** PROBLEM DESCRIPTION **
In the entries below, begin at the line with "Kampinės sofos pagrindas" and stop after the line with "为促进大数据产业发展,加强校"; output those lines exactly and omit the pictures.

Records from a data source
-=-=-

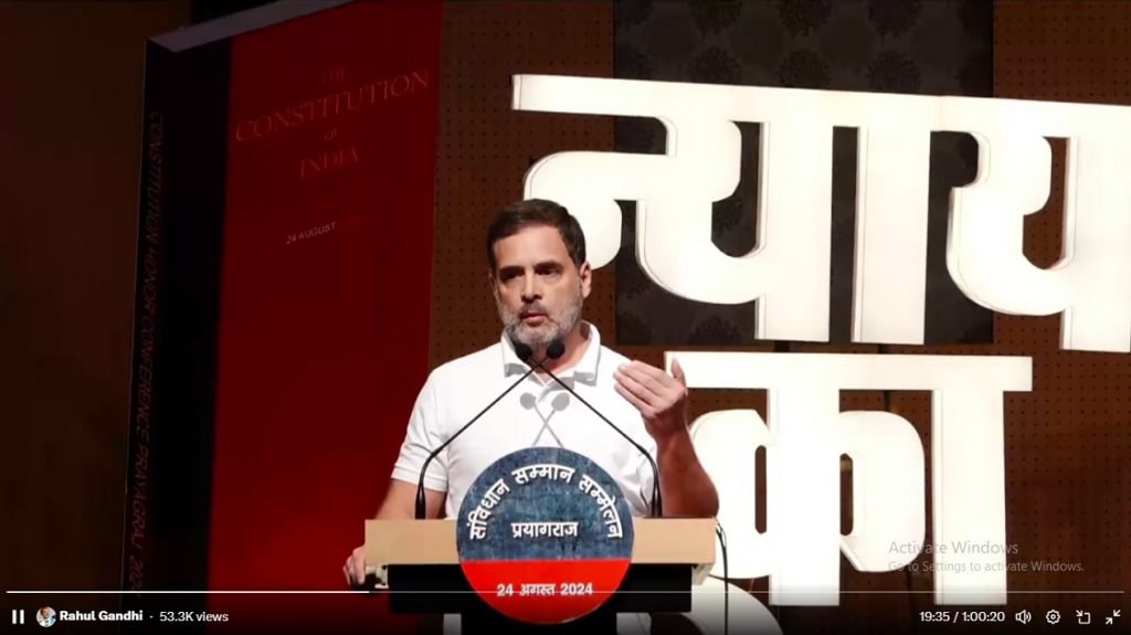 कोल्हापुरातील संविधान सन्मान संमेलनात खासदार राहुल गांधी बोलत होते.
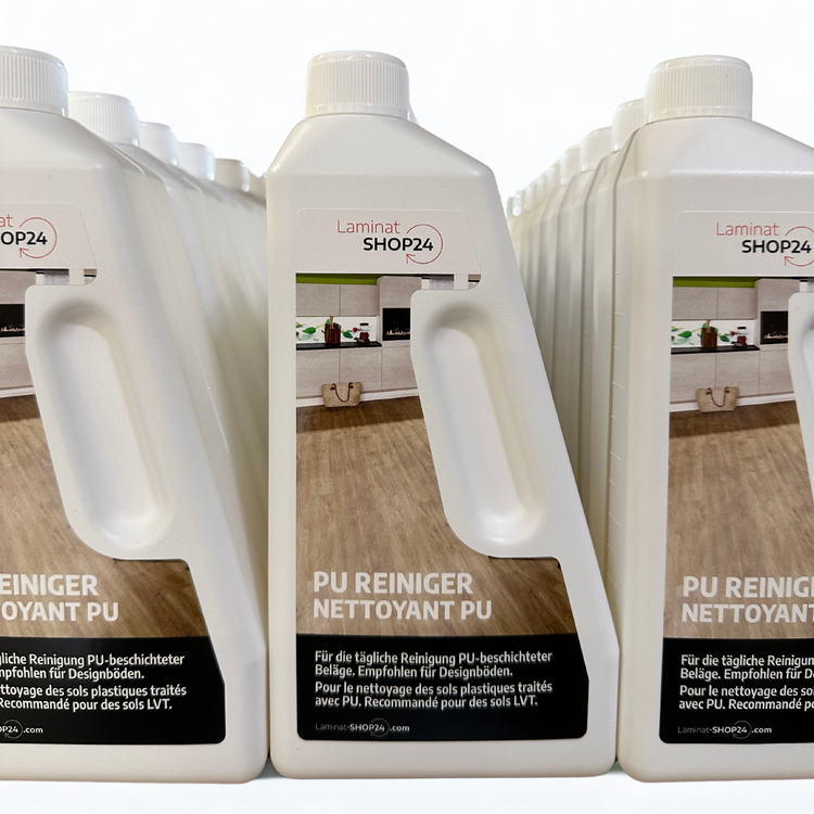 PU Reiniger im Verhältnis 1:200 (50 ml auf 10 Liter Wasser) verdünnen und den Boden mit dieser Lösung wischen.
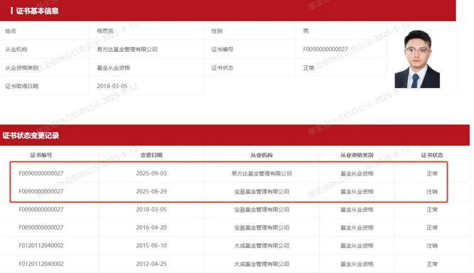 中国证券投资基金业协会备案信息显示,杨思亮的从业机构已于9月3日变更为易方达基金,其在宝盈基金的从业记录则于8月29日注销。至此,这位宝盈基金昔日的权益核心人物去向正式落定。
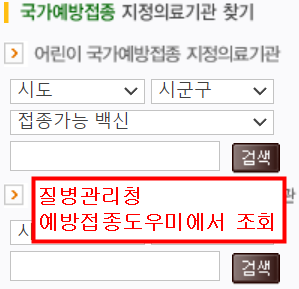 또는 홈페이지 메인화면에서 가운데쪽에 국가예방접종 백신별로 지정의료기관을 찾을수있습니다.
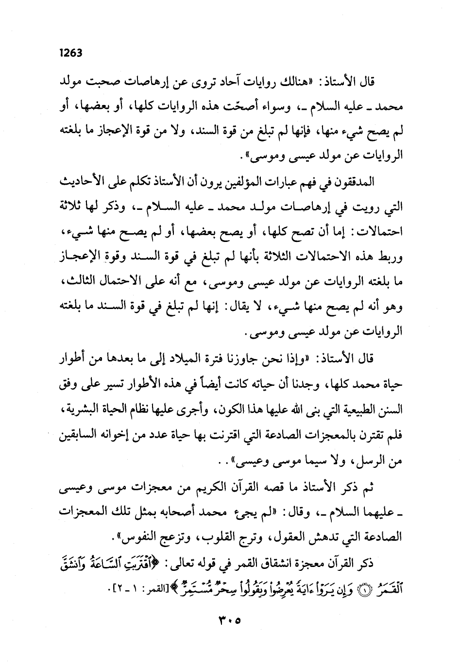 المدققون في فهم عبارات المؤلفين يرون أن الأستاذ تكلم على الأحاديث التي رويت في إرهاصات مولد محمد - عليه السلام -، وذكر لها ثلاثة احتمالات: إما أن تصح كلها، أو يصح بعضها، أو لم يصح منها شيء، وربط هذه الاحتمالات الثلاثة بأنها لم تبلغ في قوة السند وقوة الإعجاز ما بلغته الروايات عن مولد عيسى وموسى، مع أنه على الاحتمال الثالث، وهو أنه لم يصح منها شيء، لا يقال: إنها لم تبلغ في قوة السند ما بلغته الروايات عن مولد عيسى وموسى.
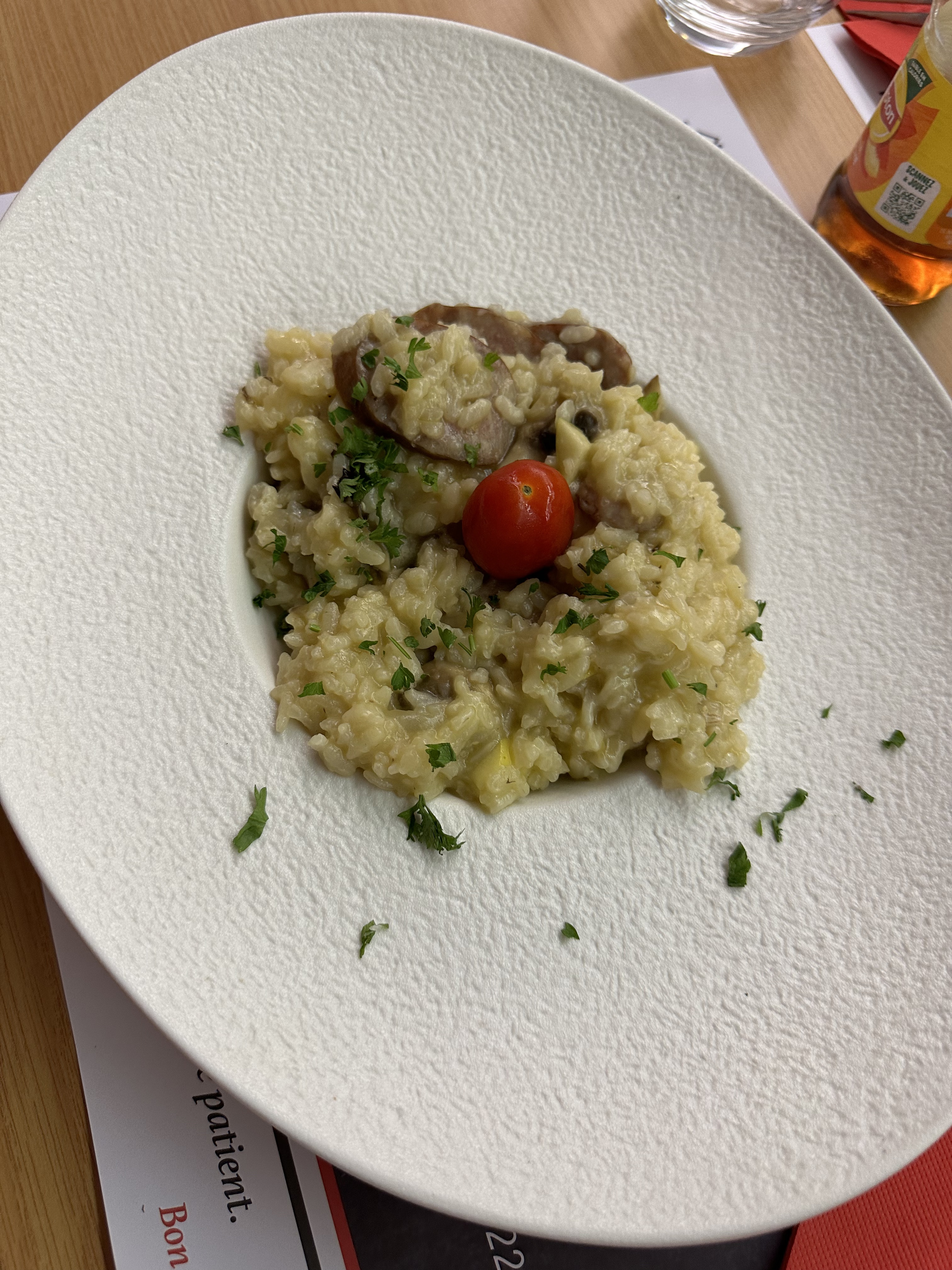Pizza au feu de bois bonnes ! Risotto franc comtois très bon !
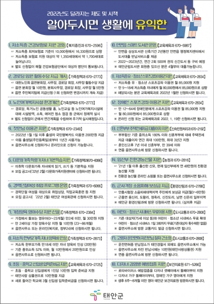 군 관계자는 “올해 가족 중심의 복지혜택을 늘리고 사회적 취약계층에 대한 지원을 강화하는 등 체감 가능한 시책 추진에 최선을 다하고 있다”며 “군민 모두가 행복한 태안군 건설을 위해 앞으로도 전 공직자가 군민의 입장에서 한 번 더 생각하는 행정 추진에 나서겠다”고 말했다.
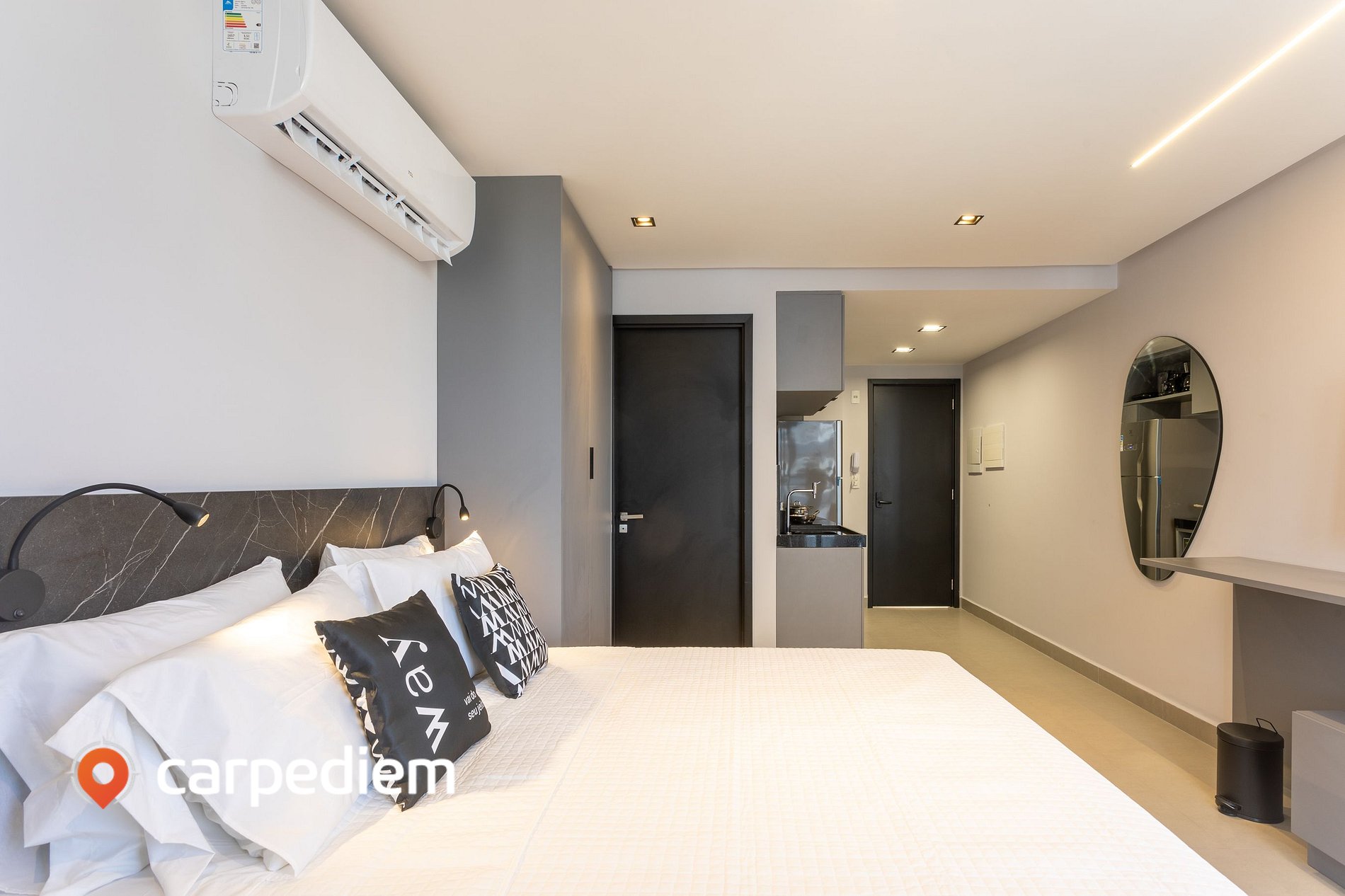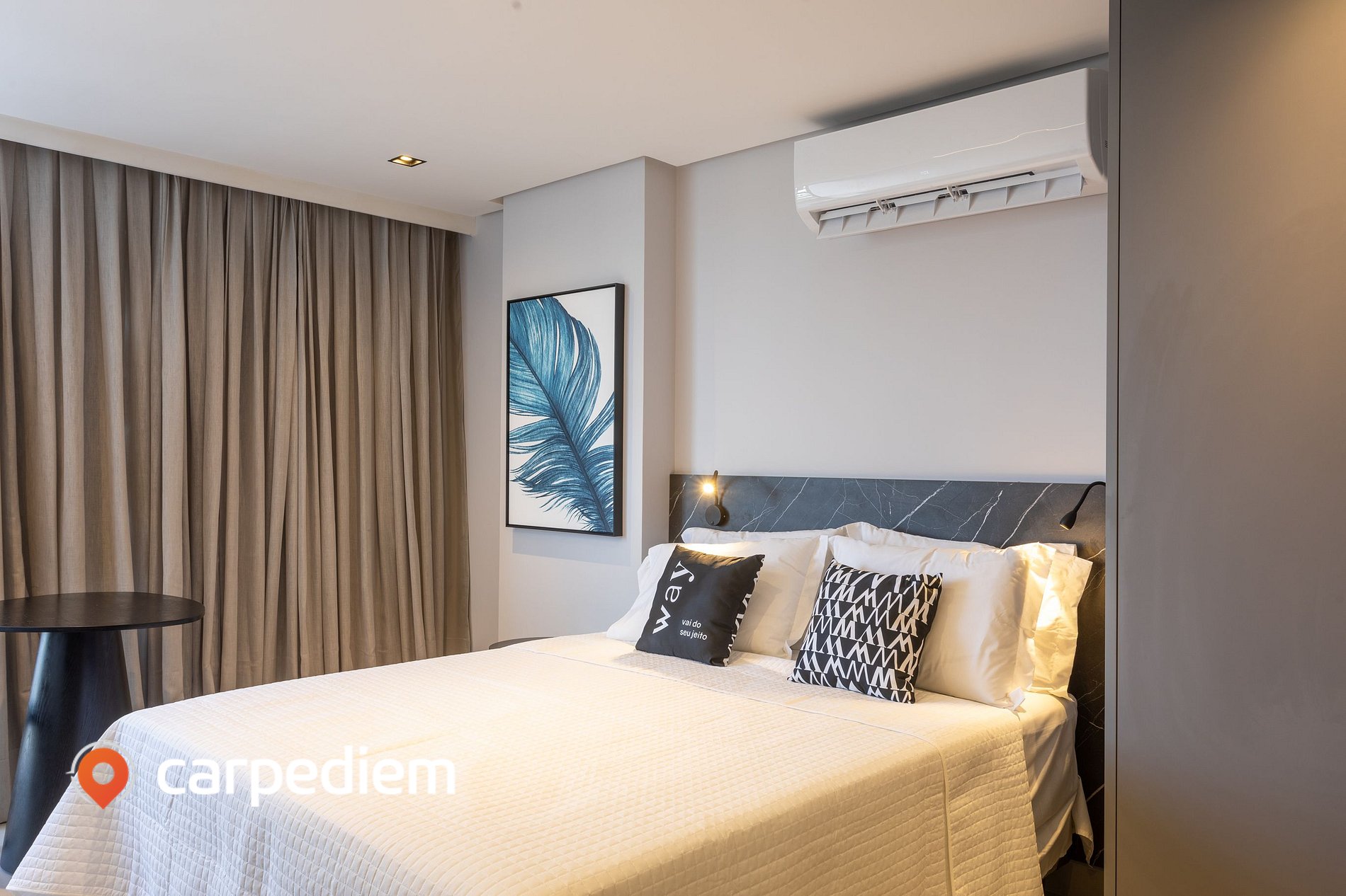 • O studio (acomoda até 3 hóspedes): O studio é compacto na medida certa, com um layout inteligente e aconchegante. A cama queen garante noites confortáveis e, para completar, a cama de solteiro acomoda o terceiro hóspede com conforto e praticidade. Um espaço que funciona muito bem para relaxar, trabalhar remoto e viver o dia a dia com leveza.
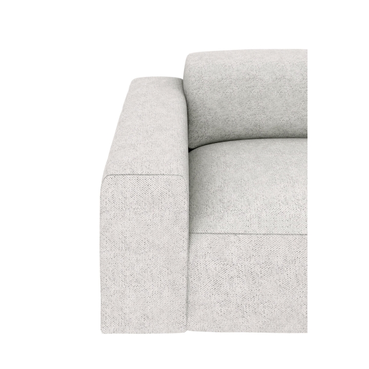 Kampinės sofos pagrindas remiasi į plastikinius bėgelius, kurie užtikrina stabilumą ir apsaugo grindis nuo įbrėžimų. Šio tipo kojelės sustiprina modernų modelio charakterį ir leidžia lengvai jį perkelti prireikus. Dizainas buvo kruopščiai sukurtas siekiant išlaikyti vizualinį vientisumą visoje kolekcijoje.
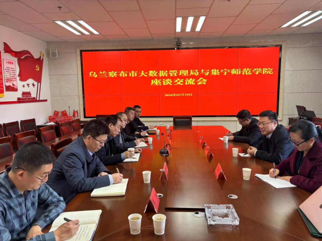 为促进大数据产业发展,加强校地合作,2024年3月19日下午,beat365正版唯一官方网站党委委员、副校长拓俊杰一行赴乌兰察布市大数据管理局以及数据中心企业进行了参观调研,并举行了座谈交流,以了解该地区算力发展情况。会议就如何利用算力助力数字经济发展,实现学校、政府、企业产学研结合等议题进行了深入讨论。本次座谈会的与会人员有乌兰察布市大数据管理局局长仝晓林、副局长吕佐鹏、刘焕及各科科长,beat365正版唯一官方网站随行人员有计算机与大数据学院党总支书记于艳东、院长邢德胜、教师田箫。
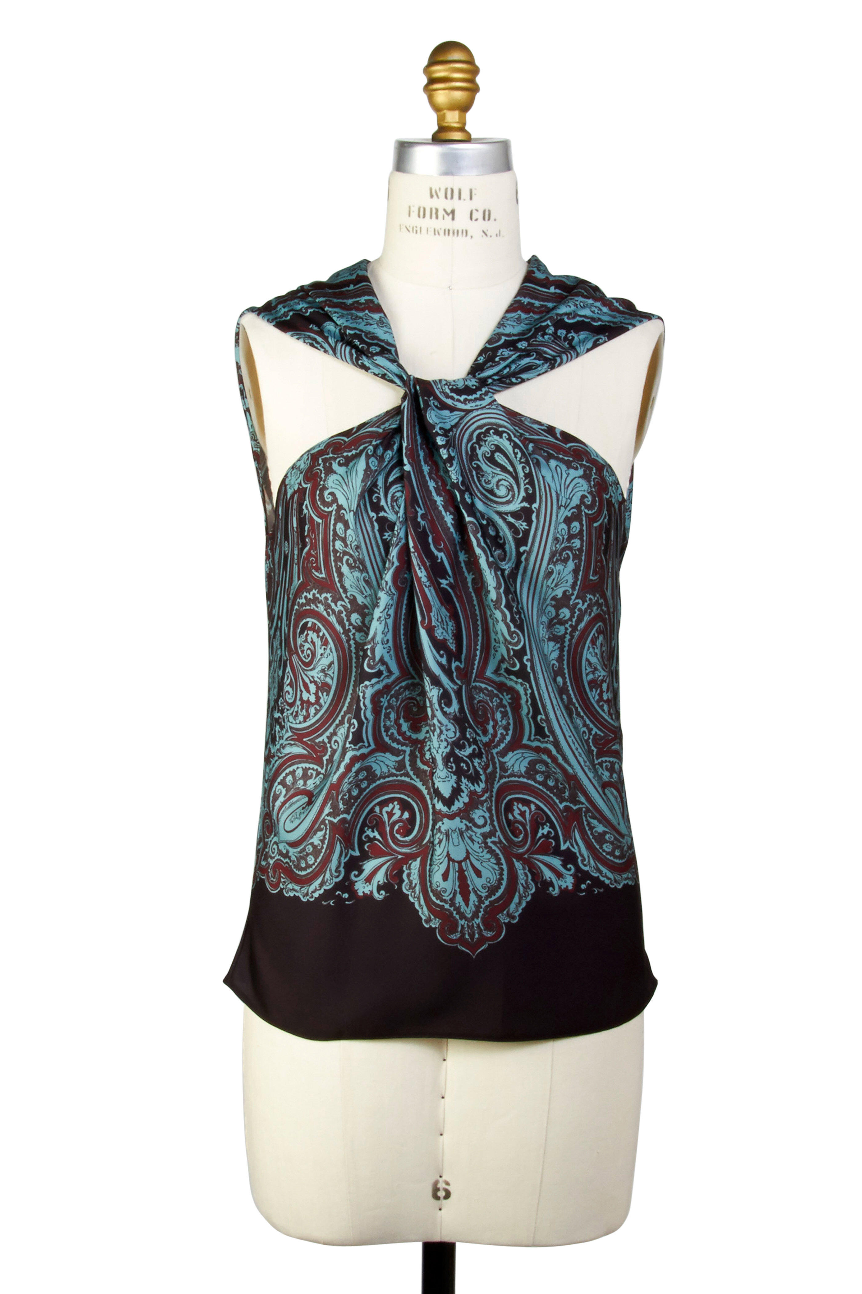 A mysterious red seeps into Lanvin's turquoise paisley while a eloquent halter neckline imbues youthful grace.
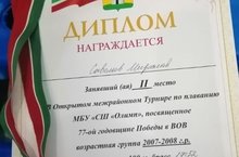 "Спорт - это здорово!", считает Савельев Мирослав, который в Открытом межрайонном турнире по плаванью, посвящённом 77 годовщине Победы в Великой Отечественной войне, занял почётное 2 место. Молодец, Мирослав! -

-=-=-

** EXERCISE OUTPUT **
 Kampinės sofos pagrindas remiasi į plastikinius bėgelius, kurie užtikrina stabilumą ir apsaugo grindis nuo įbrėžimų. Šio tipo kojelės sustiprina modernų modelio charakterį ir leidžia lengvai jį perkelti prireikus. Dizainas buvo kruopščiai sukurtas siekiant išlaikyti vizualinį vientisumą visoje kolekcijoje.
 为促进大数据产业发展,加强校地合作,2024年3月19日下午,beat365正版唯一官方网站党委委员、副校长拓俊杰一行赴乌兰察布市大数据管理局以及数据中心企业进行了参观调研,并举行了座谈交流,以了解该地区算力发展情况。会议就如何利用算力助力数字经济发展,实现学校、政府、企业产学研结合等议题进行了深入讨论。本次座谈会的与会人员有乌兰察布市大数据管理局局长仝晓林、副局长吕佐鹏、刘焕及各科科长,beat365正版唯一官方网站随行人员有计算机与大数据学院党总支书记于艳东、院长邢德胜、教师田箫。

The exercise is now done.